Optical properties of proteins and protein adsorption study

Haemocompatibility is one of the most important properties, together with the tissue compatibility, corrosion and wear resistance that determine the biocompatibility of the artificial implants. Carbon-based thin films, such as amorphous carbon and amorphous hydrogenated diamond-like carbon (a-C:H or DLC) are considered as excellent candidates in order to be used as biocompatible coatings on biomedical implants. The aim of this work is to develop a methodology in order to study the protein adsorption phenomenon on thin films and to explore the optical properties of two basic blood plasma proteins, human serum albumin (HSA) and fibrinogen (Fib) and their adsorption mechanisms on amorphous hydrogenated carbon (a-C:H) thin films. Two techniques advantageous for the study of biological samples are used: Vis–UV spectroscopic ellipsometry (SE) and atomic force microscopy (AFM).a-C:H Films are grown with rf reactive magnetron sputtering. Static and real-time SE measurements are made.
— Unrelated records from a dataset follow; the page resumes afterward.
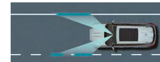
LANE KEEPING SYSTEM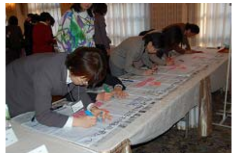
Scene at the sectional meeting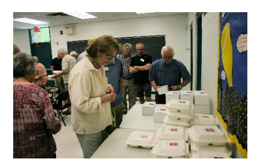
A boxed meal was provided by the club.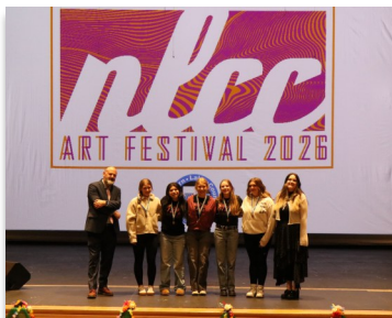
GCHS Distinguished Artists

In the energy range of Vis–UV, proteins are almost transparent, while they present an absorption peak at higher energies. Different protein adsorption behaviour is observed on amorphous hydrogenated carbon films deposited under different conditions. This is probably due to their different surface structure, composition and topography of the surface and its interaction with the protein molecule. Adsorption phenomenon is studied through AFM technique as well. AFM results are in accordance with those derived by SE. The combination of the two techniques provides us a more accurate description of protein adsorption mechanisms.